> REQUIREMENT: The copy must hold every line from the one with "Here's an elegant" through the end of the listing, word for word, and must hold no pictures.

—————

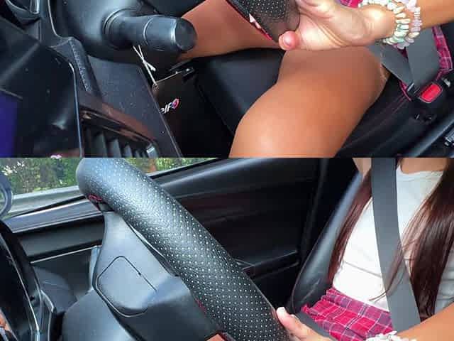 See Her Enjoy Those Cocks In A Driving Car
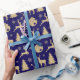 Here's an elegant Holiday wrapping paper that uses faux gold glitter silhouette images on a deep blue background. Images in the repeated pattern include a leaping reindeer, a standing deer, a tree bulb, crossed arrows, a pine tree, and various snowflakes falling down. Beautiful and festive! *Please note - the images are printed, and the paper contains no actual glitter. Design credit for the images to DigitalCloud.
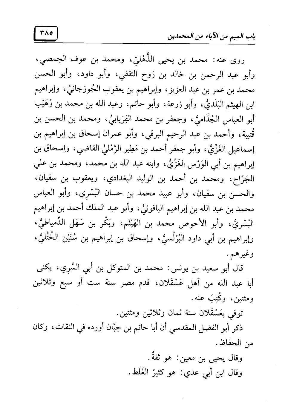 ذكر أبو الفضل المقدسي أن أبا حاتم بن حِبَّان أورده في الثقات، وكان من الحفاظ.
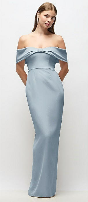 Off-the-Shoulder Crepe Column Maxi Dress with Bow-Pinch Detail in mist
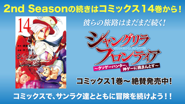 TVアニメ『シャングリラ・フロンティア』2nd Season 全25話の配信決定!本日4月25日から5月8日まで講談社が運営するYouTubeチャンネル『フル☆アニメTV』にて期間限定一挙無料公開。

—————

> EXERCISE SOLUTION:
 Here's an elegant Holiday wrapping paper that uses faux gold glitter silhouette images on a deep blue background. Images in the repeated pattern include a leaping reindeer, a standing deer, a tree bulb, crossed arrows, a pine tree, and various snowflakes falling down. Beautiful and festive! *Please note - the images are printed, and the paper contains no actual glitter. Design credit for the images to DigitalCloud.
 ذكر أبو الفضل المقدسي أن أبا حاتم بن حِبَّان أورده في الثقات، وكان من الحفاظ.
 Off-the-Shoulder Crepe Column Maxi Dress with Bow-Pinch Detail in mist
 TVアニメ『シャングリラ・フロンティア』2nd Season 全25話の配信決定!本日4月25日から5月8日まで講談社が運営するYouTubeチャンネル『フル☆アニメTV』にて期間限定一挙無料公開。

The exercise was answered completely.